Download or read book Another Name Septology VI VII written by Jon Fosse and published by . This book was released on 2022-03 with total page pages. Available in PDF, EPUB and Kindle. Book excerpt:
Download or read book The Place of Stone written by Douglas Hunter and published by UNC Press Books. This book was released on 2017-08-04 with total page 343 pages. Available in PDF, EPUB and Kindle. Book excerpt: Claimed by many to be the most frequently documented artifact in American archeology, Dighton Rock is a forty-ton boulder covered in petroglyphs in southern Massachusetts. First noted by New England colonists in 1680, the rock's markings have been debated endlessly by scholars and everyday people alike on both sides of the Atlantic. The glyphs have been erroneously assigned to an array of non-Indigenous cultures: Norsemen, Egyptians, Lost Tribes of Israel, vanished Portuguese explorers, and even a prince from Atlantis. In this fascinating story rich in personalities and memorable characters, Douglas Hunter uses Dighton Rock to reveal the long, complex history of colonization, American archaeology, and the conceptualization of Indigenous people.

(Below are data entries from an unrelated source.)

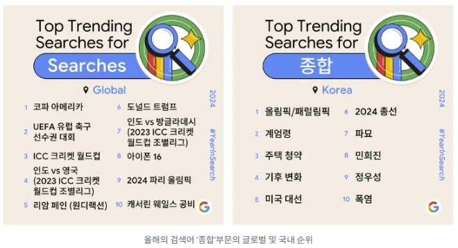 구글은 “지난해에 올해의 경우도 K-콘텐츠와 K-팝의 글로벌 영향력을 다시 한번 확인할 수 있었다”면서 “특히 2024년은 새로운 K-팝 곡과 다채로운 K-콘텐츠가 대거 공개되면서 국내뿐 아니라 해외에서도 한국 콘텐츠에 대한 열풍이 이어진 한 해였다”고 평가했다.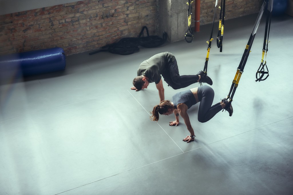 By now you might be thinking: “oh, planks, good. Something easy.” You would, however, be wrong, because we don’t want easy. We are going to kick this up a notch. Start in the plank position with your feet in the TRX straps and your hands on the floor. Move one arm onto your elbow, then the other. Return to starting position one arm at a time.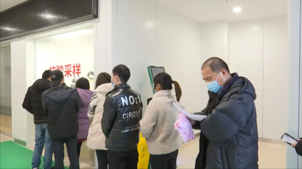 随着春节临近,返乡人群增多,做核酸检测的人数日益上升。在二院北部院区采样点,记者见到不少待检测人员在排队等候。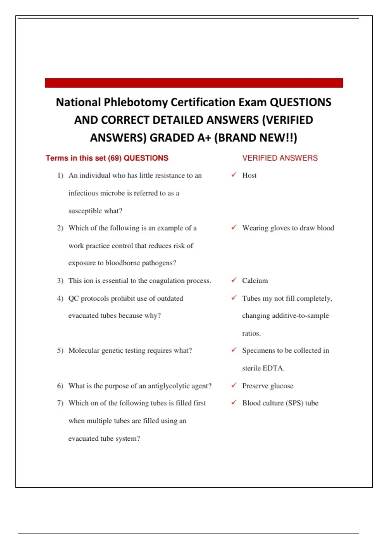 National Phlebotomy Certification Exam Questions (2025) Latest Already Graded A+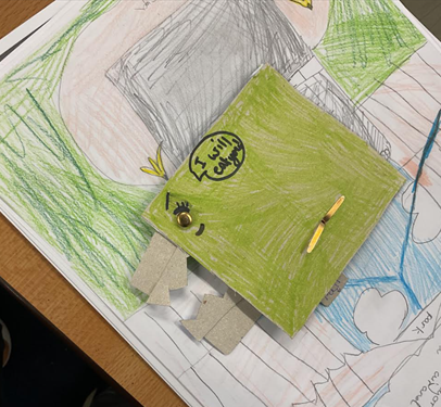 The children in year 4 are making snapping crocodiles to learn how levers work. The project uses levers and linkages to demonstrate how simple machines generate movement. The split pins act as pivot points for the cardboard components, allowing students to see how moving one handle causes the crocodile to "snap." The children understand how levers change the direction and magnitude of force. The children will be able to apply this understanding in the design and making of Christmas cards.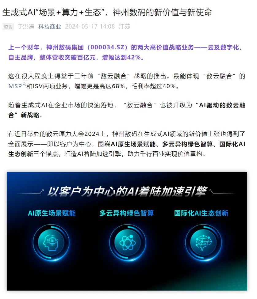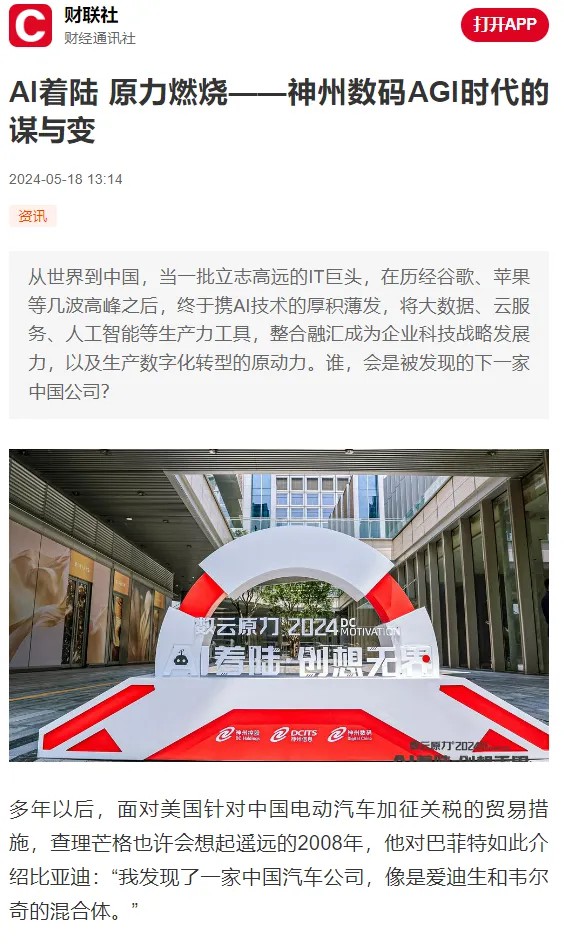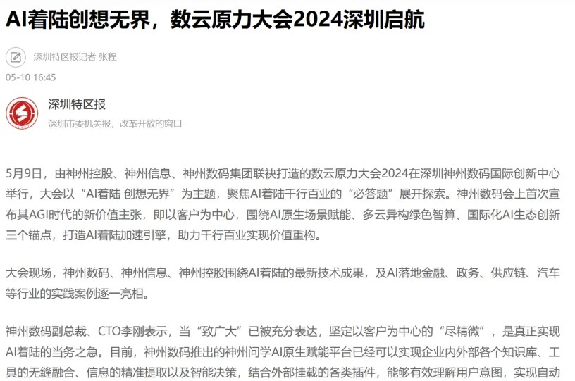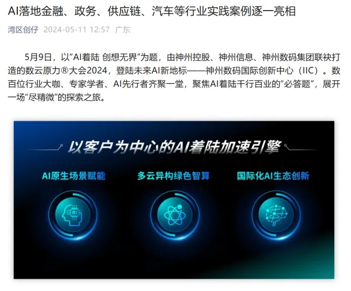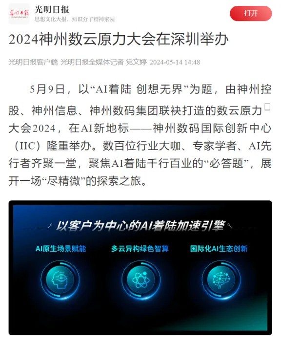 近日,由神州控股、神州信息、开云电竞集团联袂打造的年度盛会——数云原力大会2024开幕式,在未来AI新地标——开云电竞国际创新中心(IIC)圆满落幕。这场以“AI着陆 创想无界”为主题的活动,不仅引起了业界的广泛关注和讨论,也引发了媒体的争相报道。

Hunter argues that misinterpretations of the rock's markings share common motivations and have erased Indigenous people not only from their own history but from the landscape. He shows how Dighton Rock for centuries drove ideas about the original peopling of the Americas, including Bering Strait migration scenarios and the identity of the "Mound Builders." He argues the debates over Dighton Rock have served to answer two questions: Who belongs in America, and to whom does America belong?